◆ Exercise
Stop after the line with "淘宝深蓝色直筒牛仔裤女秋冬加绒大码胖mm宽松垂感显瘦梨形身材阔腿裤". Up to that point, output every line of the listing below exactly from the first one onward, skipping pictures.

◆ Data shown
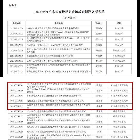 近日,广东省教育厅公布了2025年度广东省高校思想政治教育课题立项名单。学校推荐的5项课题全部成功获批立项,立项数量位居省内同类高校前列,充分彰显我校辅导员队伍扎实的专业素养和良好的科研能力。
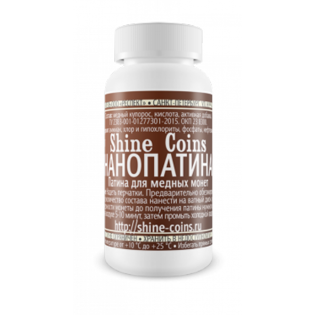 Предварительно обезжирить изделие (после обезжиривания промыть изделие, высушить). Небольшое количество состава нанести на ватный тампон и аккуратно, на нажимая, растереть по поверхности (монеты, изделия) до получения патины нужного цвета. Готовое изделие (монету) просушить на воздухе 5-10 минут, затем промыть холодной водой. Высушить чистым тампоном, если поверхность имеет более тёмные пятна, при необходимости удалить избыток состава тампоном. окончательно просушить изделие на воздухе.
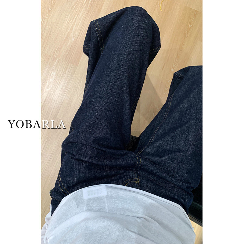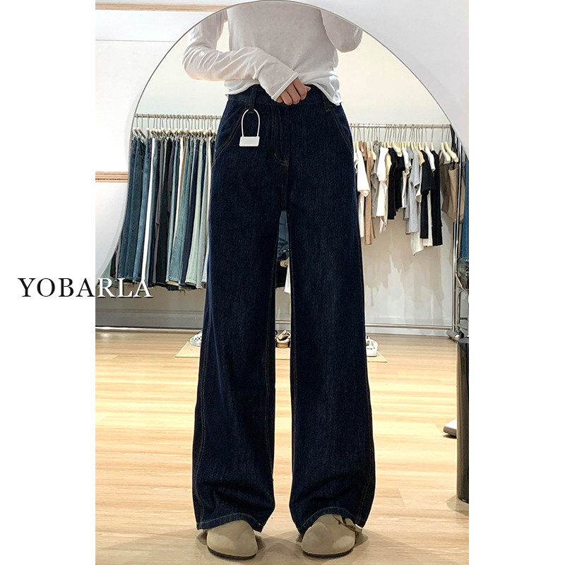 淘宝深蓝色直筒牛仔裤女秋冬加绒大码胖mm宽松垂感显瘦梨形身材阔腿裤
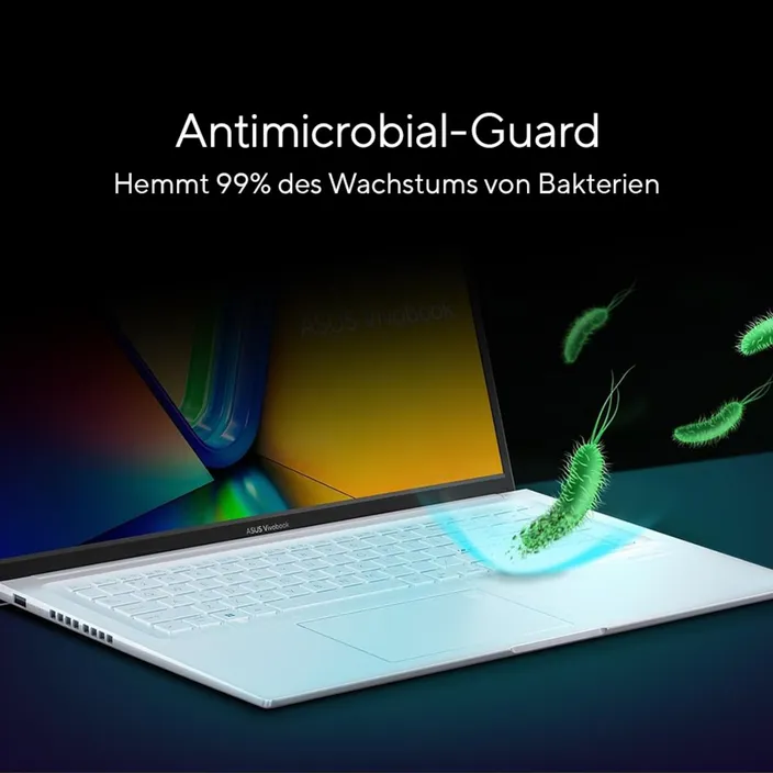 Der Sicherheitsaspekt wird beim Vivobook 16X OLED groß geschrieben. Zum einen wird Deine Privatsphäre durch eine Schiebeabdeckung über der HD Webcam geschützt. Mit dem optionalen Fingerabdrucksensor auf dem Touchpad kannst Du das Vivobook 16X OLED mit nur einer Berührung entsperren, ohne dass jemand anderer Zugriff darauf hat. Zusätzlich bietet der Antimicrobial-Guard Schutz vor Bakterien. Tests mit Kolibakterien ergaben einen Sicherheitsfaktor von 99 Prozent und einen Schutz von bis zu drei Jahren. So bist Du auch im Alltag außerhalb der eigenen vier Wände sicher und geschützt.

◆ Output for this task
 近日,广东省教育厅公布了2025年度广东省高校思想政治教育课题立项名单。学校推荐的5项课题全部成功获批立项,立项数量位居省内同类高校前列,充分彰显我校辅导员队伍扎实的专业素养和良好的科研能力。
 Предварительно обезжирить изделие (после обезжиривания промыть изделие, высушить). Небольшое количество состава нанести на ватный тампон и аккуратно, на нажимая, растереть по поверхности (монеты, изделия) до получения патины нужного цвета. Готовое изделие (монету) просушить на воздухе 5-10 минут, затем промыть холодной водой. Высушить чистым тампоном, если поверхность имеет более тёмные пятна, при необходимости удалить избыток состава тампоном. окончательно просушить изделие на воздухе.
 淘宝深蓝色直筒牛仔裤女秋冬加绒大码胖mm宽松垂感显瘦梨形身材阔腿裤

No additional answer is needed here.